Les gens qui parviennent à arriver en Europe en ont les moyens. Les prix avoisinent les 5 000 dollars pour venir en Europe. La deuxième catégorie de personnes qui rejoignent l'Europe est formée par les opposants au régime, dont la vie est clairement en danger. Enfin, il y a une émigration économique classique. Il y a aussi, parmi les migrants, des personnes qui cherchent tout simplement la paix.
Il a été envisagé d'instruire les demandes de visa se fassent à la frontière avec la Syrie pour que les personnes qui méritent l'asile puissent quitter les lieux. Il me semble que pour lutter contre la crise migratoire, le plus urgent est de pacifier les zones libérées, soutenir et stabiliser les pays voisins de la Libye, particulièrement le Liban et la Jordanie.
Nous savons de sources concordantes que le régime syrien mène des attaques, notamment aux barils d'explosifs, dont les civils sont les principales victimes – comment pourrait-il en être autrement lorsque des marchés ou des hôpitaux sont pris pour cible.
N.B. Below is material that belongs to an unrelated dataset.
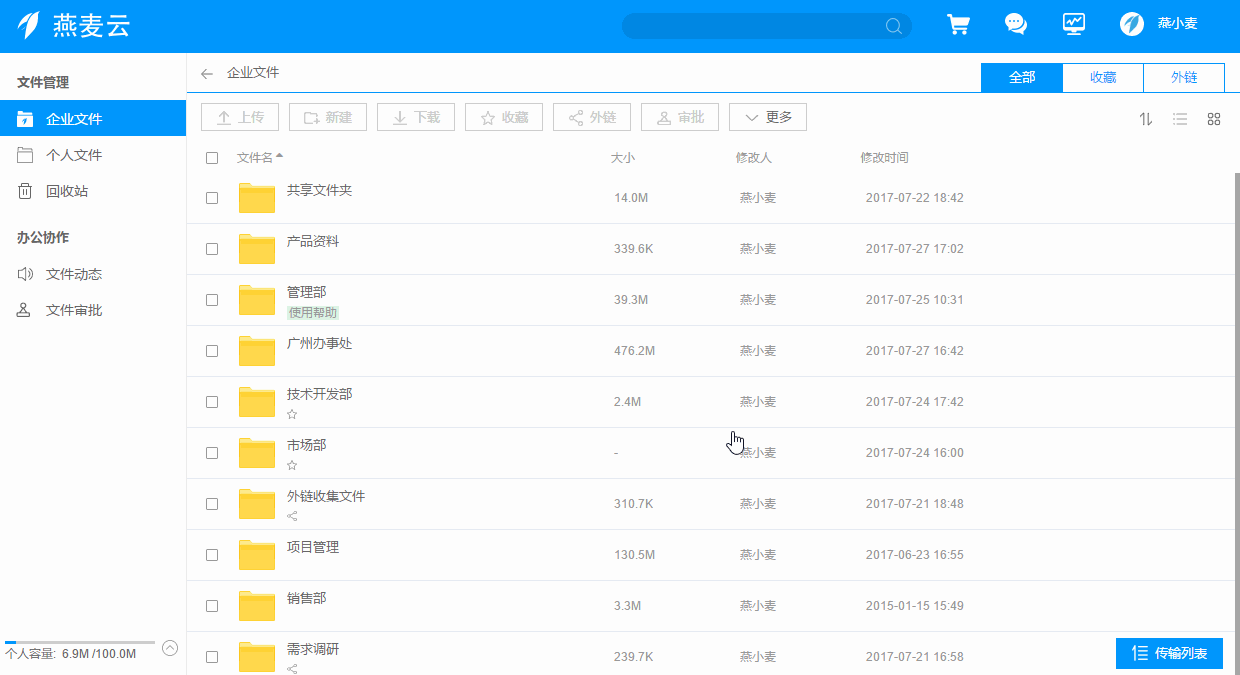 收集文件(文件夹)。当收集到的文件(文件夹)被任何人操作时,系统会将实时动态推送给你。您可以通过登录任何燕麦云客户端并查看最新的文件内容来接收和查看动态更新。

C'est pourquoi la France travaille activement à l'adoption d'un projet de résolution du Conseil de sécurité des Nations unies sur cette question, afin obtenir une condamnation ferme de l'usage des barils d'explosifs.
Il est évident que l'objectif est d'obtenir l'arrêt des bombardements, et de favoriser une solution politique au conflit. Car comme en Libye ou ailleurs dans la région, la véritable solution en Syrie est de nature politique. Pour cela, il faut parvenir à mettre l'ensemble des protagonistes autour d'une même table, y compris les puissances régionales dont l'opposition est de plus en plus inquiétante, de même que l'intensification de l'opposition entre chiites et sunnites. J'ajoute que cette commission a constamment reçu des représentants de l'opposition démocrate, a convié toutes les composantes de la coalition nationale syrienne, et entretient des liens réguliers avec la diaspora. Nous avons la plus grande estime pour cette opposition qui continue à se battre sur le terrain, mais il est vrai que son action a été freinée par ses divisions.
Il est évident que la population syrienne ne peut avoir le choix entre Bachar Al-Assad et Daech. Mais il est également évident que si nous voulons oeuvrer à une solution politique en Syrie, il faut soutenir le dialogue entre les protagonistes du conflit et les partenaires régionaux les plus influents.
En tout état de cause, nous nous efforcerons de relayer vos efforts, d'intensifier nos contacts avec l'opposition démocratique, et d'être plus attentifs et plus pertinents dans nos interventions en fonction des informations que vous nous avez transmises aujourd'hui. Je vous remercie.
La séance est levée à dix-huit heures quinze.